When such a framework is created and the preliminary detection and collection are completed, payment analysis can be made to identify things such as:
- The estimated revenue of the ransomware
- Payment mechanics such as profile and timing
- Prospective cash-out behavior and more.
Out of all these the cash-out behavior part is one of the most interesting parts of the transaction analysis.
This is because it provides the targeted confirmation on criminal activities and behaviors related to the ransomware attackers with an intention to use their illegal Bitcoin proceeds.

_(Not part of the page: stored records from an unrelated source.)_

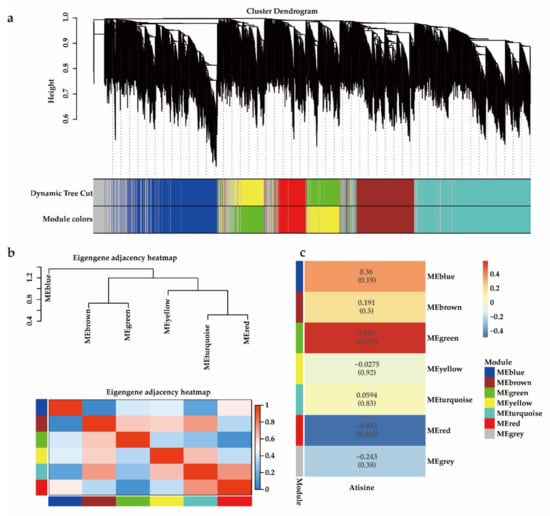 Weighted gene correlation network analysis (WGCNA) is a new network modeling method designed for studying biological networks based on pairwise correlations between variables [,]. This method allows researchers to find the co-expressed gene modules, and explore the relationship between gene networks and phenotypes of interest, and the hub genes in the networks. We used WGCNA analysis to explore candidate genes involved in atisine biosynthesis. A total of 11,661 genes (FPKM > 10 in three biological replicates) in the root were used to perform the co-expression analysis. The MAD (median absolute deviation) of each gene was calculated using the gene expression profile and the top 4000 genes were selected to analyze. WGCNA was further used to build the scale-free co-expression network, and six co-expression modules were finally obtained, each module contained 270~1107 genes. The modules were color-coded, as shown in Figure 5a. The comparison of modules genes (Figure 5b) revealed four related module groups, which displayed similar expression profiles in different samples: (i) MEblue; (ii) MEbrown, MEgreen; (iii) Meyellow; (iv) MEturquoise, MEred (Supplementary Table S4).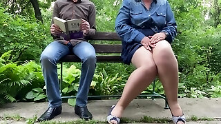 Shameless mature babe exposes her bodacious body in the public park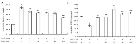 The production of reactive oxygen species (ROS) and the depletion of glutathione (GSH) are interconnected events that influence various signal transduction pathways regulating cell survival. Elevated ROS levels, coupled with decreased intracellular GSH content, contribute to mitochondrial dysfunction [50,51]. To elucidate the defense mechanism of the peptide against H2O2-induced cell injury in HepG2 cells, we assessed intracellular ROS and GSH levels using DCFH-DA and CMFDA, respectively.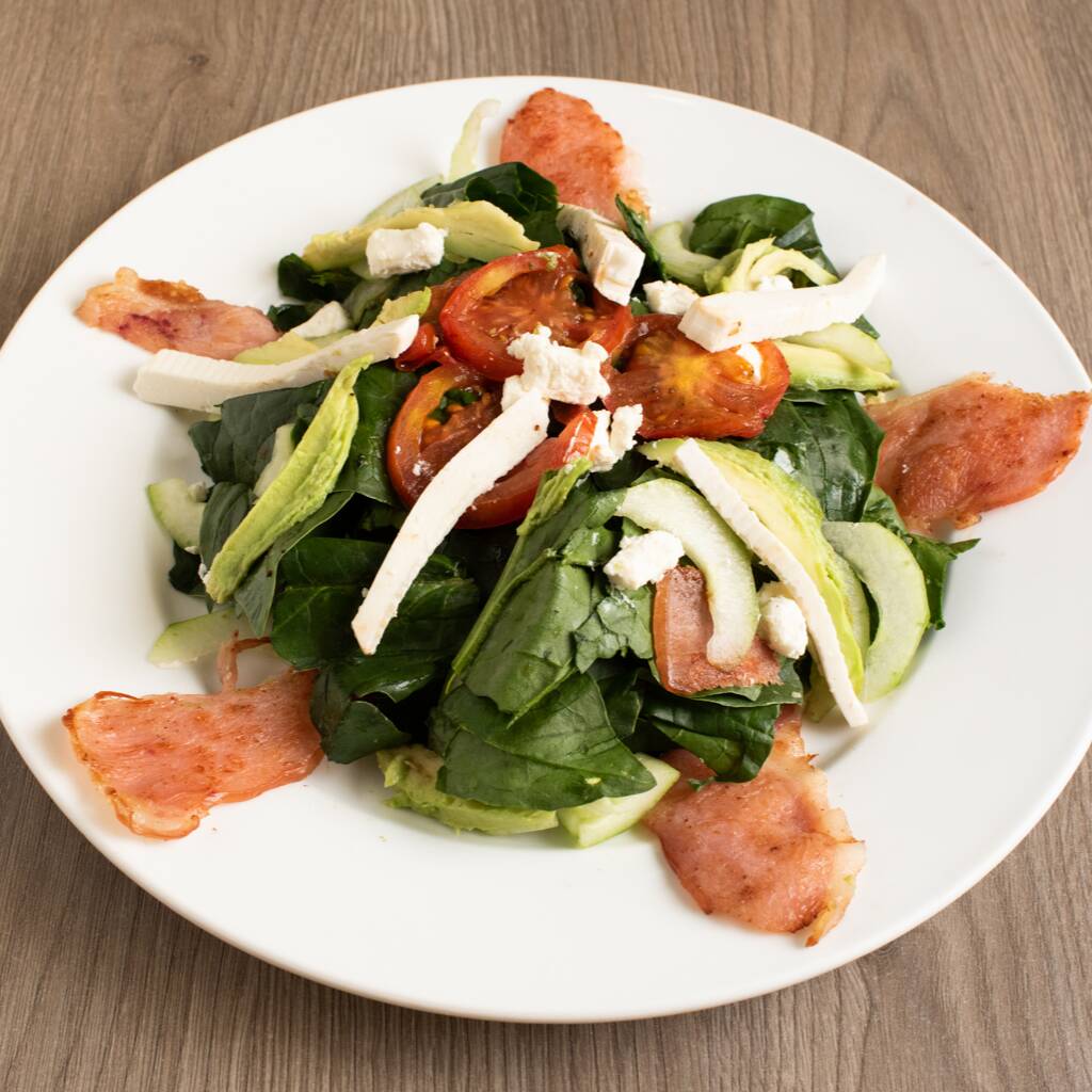 Espinaca, trozos de tocino, jitomate deshidratado, pepino, aguacate, queso gorgonzola, aderezo mostaza.

However, the specific techniques for transaction analysis may vary depending on the intelligence-forensics continuum.
However, with the addition of data attributes to the nodes and vertices of a graph by labeling, it will help a lot in finding similarity and trends by using graph machine learning algorithms.
Therefore, to sum up, it can be said that the ability to use high performance computing to huge amounts of transactional and other data in the Bitcoin network and ecosystem may enhance the efficiency of analysis.
However, please be informed that all these techniques explained in this article are pretty restricted on their own.
Therefore, it is needed to use a combination of them to create a more formidable arsenal which will produce results that will be much greater and better than each of these techniques when applied in isolation.
Also, all these techniques to examine Bitcoin blockchain to identify illicit transactions on it need a proper coordination among the humans and machines.
Combining the machine powered analysis techniques with the human expertise and subject matter will help further in contextualizing the available and analyzed data for law enforcement, forensic interpretations, intelligence collection and investigation.
And most importantly, enforcement of AML-CTF laws and KYC provisions for Bitcoin transactions will surely hinder those who want to misuse the innovative functionality for illicit benefits.
However, the law enforcement agencies can only benefit from it only when they, the cryptocurrency service providers, and the Financial Intelligence Units cooperate with each other by sharing information.
So, now you know the different analysis techniques for illicit Bitcoin transactions and why people cannot hide making one.
These techniques allow identifying the real world participants and lower the level of anonymity in a Bitcoin transaction.
This reduces criminal activities which is good for all.